How was Thiomargarita Magnifica discovered?

Oliver Gros, a mangrove biologist at the University of the French Antilles in Guadeloupe, first found the newly categorised bacterium, according to a National Geographic report.

“I spend a lot of time in the water looking at different things in the mangrove sediments. One time I saw these long white filaments, so I just collected them out of curiosity,” Gros said.

The scientists at Gros’s lab first believed that Thiomargarita Magnifica was a fungus or some other multicellular organism. However, their analysis hinted at the fact that this bacterium might belong to the Thiomargarita family of bacteria. But they weren’t a hundred per cent sure, so a group of scientists then created high-magnification, three-dimensional photographs of these long specimens. This enabled them to view the large cells that constituted a filament.

The team showed that the structure of this bacterium is sub-divided into multiple compartments that perform various functions and dramatically increase available surfaces.

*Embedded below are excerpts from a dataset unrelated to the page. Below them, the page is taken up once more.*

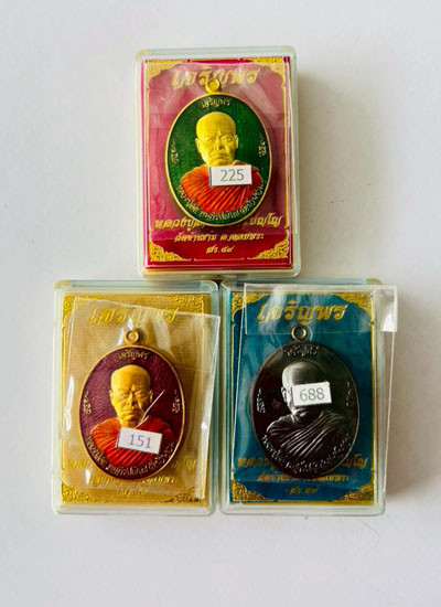 " วัดใจ เคาะเดียวแดง " เหรียญอายุยืน ฉลองอายุ 80 พรรษา หลวงปู่บุญ ปริปุนณสีโล วัดปอแดง (สวนนิพพาน) จ.นครราชสีมา ปี 2558 เนื้ออัลปาก้า จำนวน 3 เหรียญ |
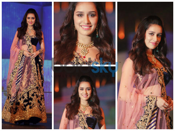 Shraddha Kapoor walked the ramp in a heavy Archana Kochhar lehenga at the Bullion Summit Fashion Show. Wearing a navy blue, bridal lehenga with gold detailing, Shraddha impressed the audience. This 'Haider' beauty completed her bridal style with a beehive fringe and shimmering lips. Metallic accessories adorned her neck and ears.
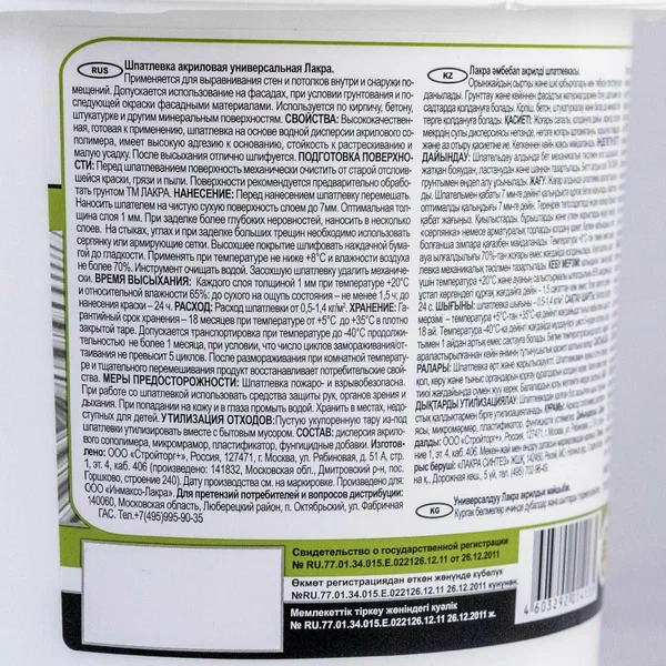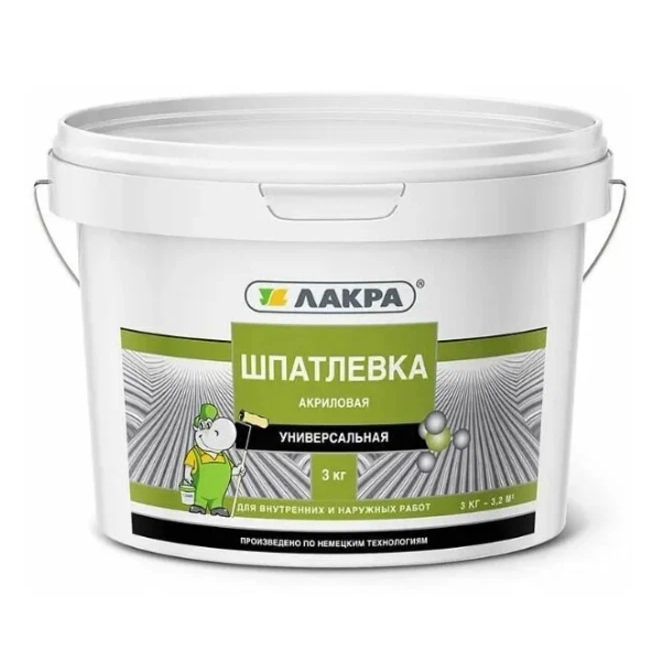 0008034 Шпатлевка акриловая универсальная Лакра для внутренних и наружных работ 3кг Россия
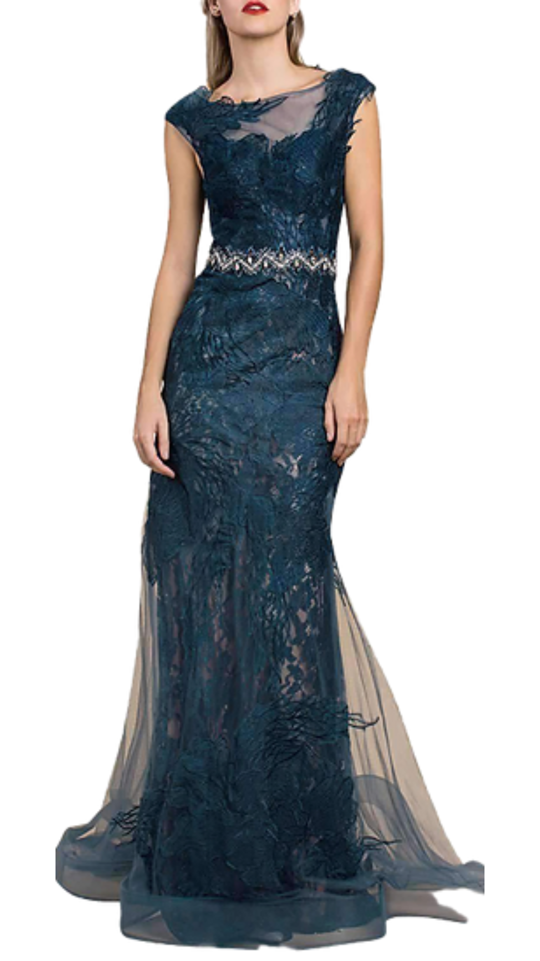 Andrea & Leo Fiona Lace Embellished Waist Gown in Teal
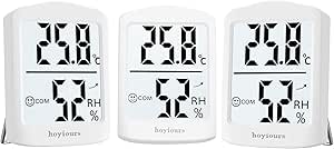 Immer das perfekte Raumklima! Dieses digitale Thermometer-Hygrometer von hoyiours zeigt dir Temperatur und Luftfeuchtigkeit immer genau an. Der große 3.4 Zoll LCD-Bildschirm ist super gut ablesbar, auch aus der Entfernung. Mit praktischer Hintergrundbeleuchtung - entweder für 10 Sekunden oder die ganze Nacht einstellbar. Das coole Feature: Ein Komfort-Indikator zeigt dir an, ob die Luftfeuchtigkeit zu trocken, angenehm oder zu feucht ist. Der Messbereich geht von -50°C bis 70°C und 10% bis 99% Luftfeuchtigkeit - also für jeden Raum geeignet. Der Sensor aktualisiert alle 3 Sekunden und ist super präzise. Es speichert sogar Maximal- und Minimalwerte, sodass du Trends verfolgen kannst. Betrieben mit 2 AAA-Batterien (nicht im Lieferumfang) mit langer Laufzeit. Perfekt für Zuhause, Büro, Gewächshaus oder Keller. Hol dir dieses praktische Gerät und schaff dir ein optimales Wohnklima!
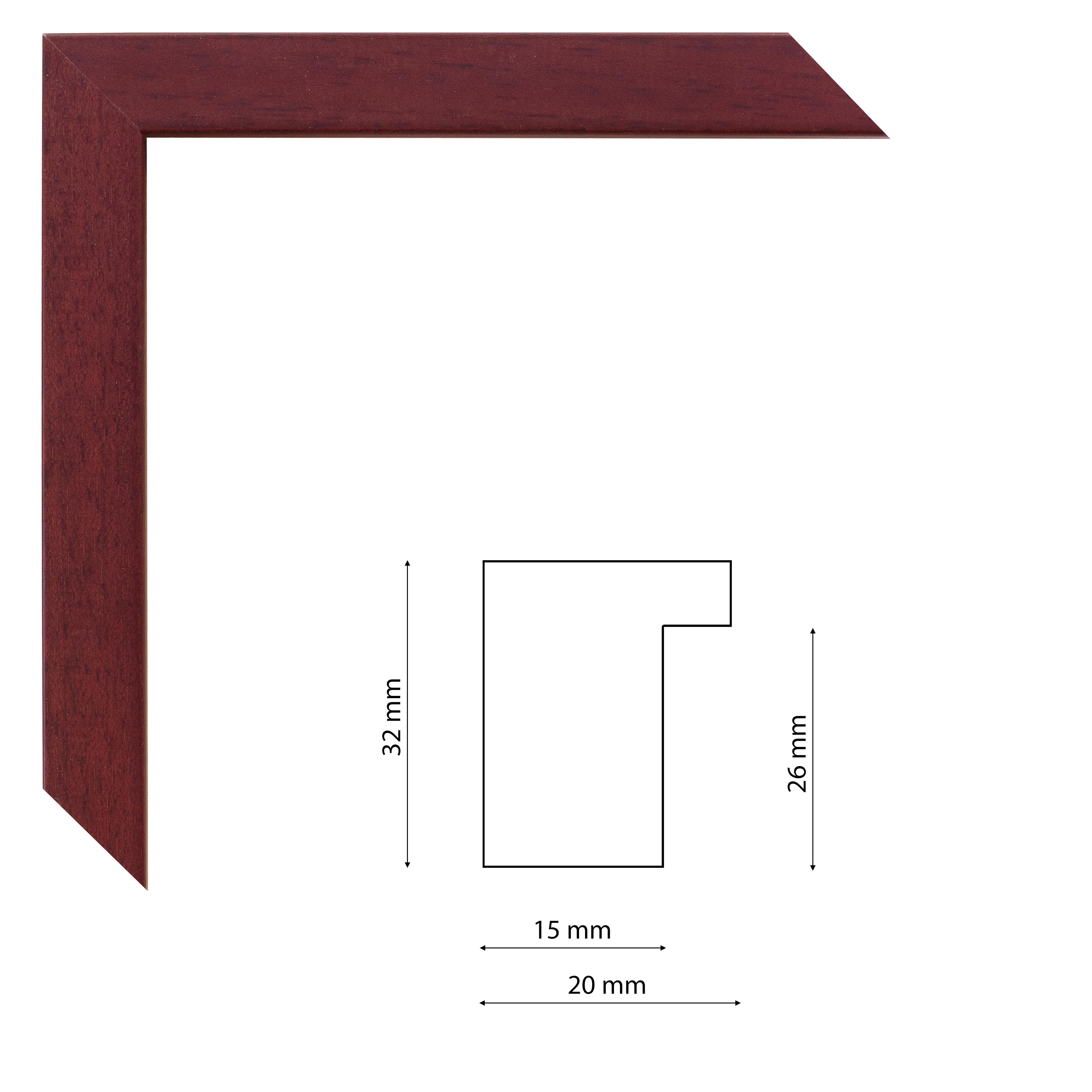 Mélyfalcú pácolt hatású bordó színű képkeretléc trópusi fából.

This complexity has enabled the organism to overcome the long-defined limits for bacterial cell size.

What are some other characteristics of Thiomargarita Magnifica?

Like Thiomargarita namibiensis, storage space takes up a lot of the volume of the newly discovered bacterium. Nitrate is stored in a large vacuole that accounts for 75 per cent of the total cell volume in Thiomargarita Magnifica. The large vacuole is likely filled with nitrate, and a thin layer of cytoplasm contains sulphur granules, which are involved in the metabolism process, as reported in the latest study.

The cytoplasmic layer of Thiomargarita Magnifica is only about two to three μm (micrometre, or 1×10⁻⁶ of a meter) in depth, which aids in the diffusion process and the transfer of nutrients and molecules into the cell as well as the export of the waste products out. The sulphur granules are essential for respiration, and the cytoplasm houses a complex network of membranes.

How such a large bacterium stimulates biosynthesis (the process of producing complex molecules within living organisms or cells) remains unknown, as per the authors of the study. The mechanisms that control the import of metabolites and export of waste products, as well as the bacterium’s response to environmental stress, are a mystery as of now.

Finding answers to these questions will require devising methods that will allow Thiomargarita Magnifica to grow in culture. This is something that has been achieved in the past only for a small number of bacterial species due to their elusive growth requirements.

“More philosophical in nature is the question of whether T. Magnifica represents the upper limit of bacterial cell size,” the authors of the study noted. “It seems unlikely, and, as the study of Volland et al. illustrates, bacteria are endlessly adaptable and always surprising - and should never be underestimated.”